**What to work on:** Set down only these lines, exactly: the line containing "엔씨소프트는 신작 온라인게임" and all lines through the end of the data below. Omit pictures.

== Listed records ==

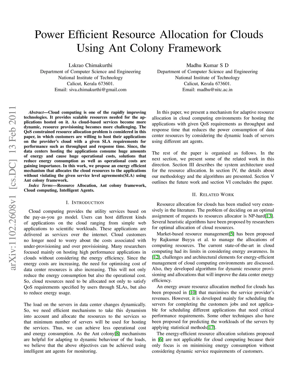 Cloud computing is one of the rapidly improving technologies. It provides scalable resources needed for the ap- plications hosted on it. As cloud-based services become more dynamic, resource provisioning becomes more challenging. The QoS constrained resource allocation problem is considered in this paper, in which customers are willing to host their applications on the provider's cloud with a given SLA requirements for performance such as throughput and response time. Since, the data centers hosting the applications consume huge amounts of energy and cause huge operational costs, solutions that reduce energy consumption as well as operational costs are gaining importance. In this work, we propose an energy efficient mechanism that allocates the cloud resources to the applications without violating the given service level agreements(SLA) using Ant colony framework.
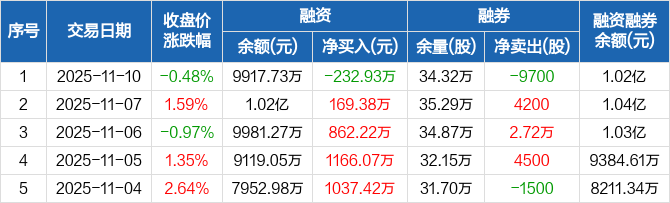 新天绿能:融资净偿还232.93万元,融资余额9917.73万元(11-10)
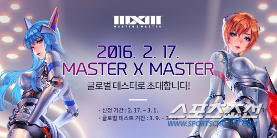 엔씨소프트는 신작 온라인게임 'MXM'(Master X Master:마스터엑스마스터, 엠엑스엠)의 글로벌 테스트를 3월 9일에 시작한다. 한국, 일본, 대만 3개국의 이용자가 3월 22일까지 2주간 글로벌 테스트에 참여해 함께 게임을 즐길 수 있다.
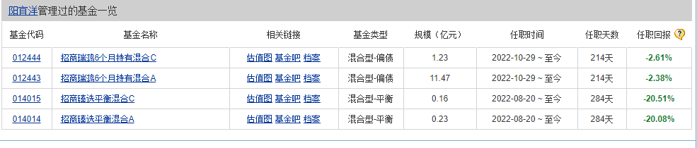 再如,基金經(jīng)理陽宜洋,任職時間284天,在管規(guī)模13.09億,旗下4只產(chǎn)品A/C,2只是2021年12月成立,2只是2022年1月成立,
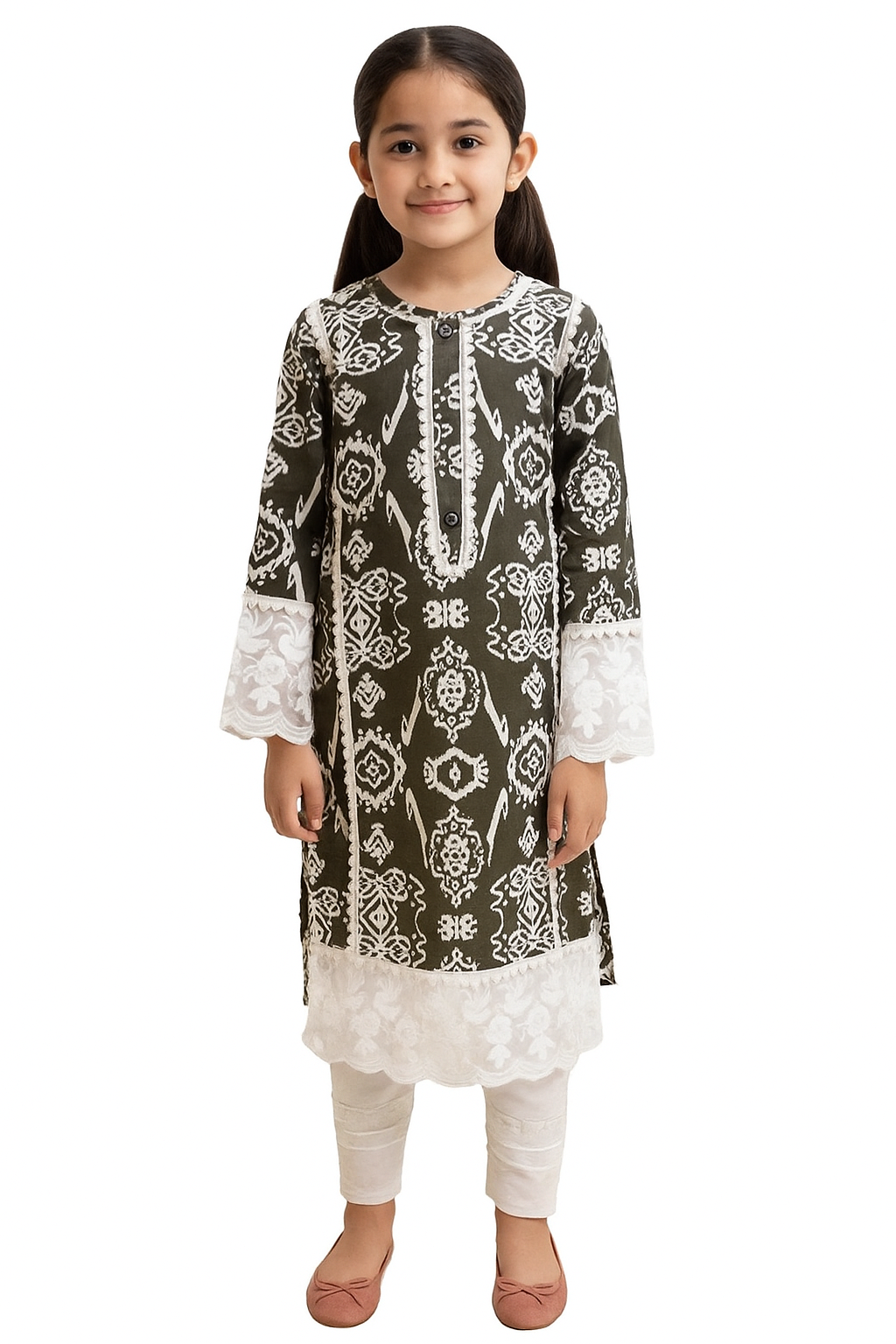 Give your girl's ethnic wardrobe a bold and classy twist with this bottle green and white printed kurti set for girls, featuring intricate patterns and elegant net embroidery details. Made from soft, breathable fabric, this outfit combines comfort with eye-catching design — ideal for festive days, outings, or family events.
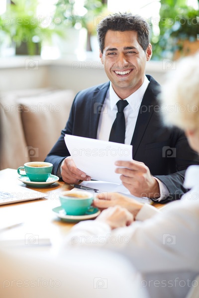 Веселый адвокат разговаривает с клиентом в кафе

===

**The answer:**
 엔씨소프트는 신작 온라인게임 'MXM'(Master X Master:마스터엑스마스터, 엠엑스엠)의 글로벌 테스트를 3월 9일에 시작한다. 한국, 일본, 대만 3개국의 이용자가 3월 22일까지 2주간 글로벌 테스트에 참여해 함께 게임을 즐길 수 있다.
 再如,基金經(jīng)理陽宜洋,任職時間284天,在管規(guī)模13.09億,旗下4只產(chǎn)品A/C,2只是2021年12月成立,2只是2022年1月成立,
 Give your girl's ethnic wardrobe a bold and classy twist with this bottle green and white printed kurti set for girls, featuring intricate patterns and elegant net embroidery details. Made from soft, breathable fabric, this outfit combines comfort with eye-catching design — ideal for festive days, outings, or family events.
 Веселый адвокат разговаривает с клиентом в кафе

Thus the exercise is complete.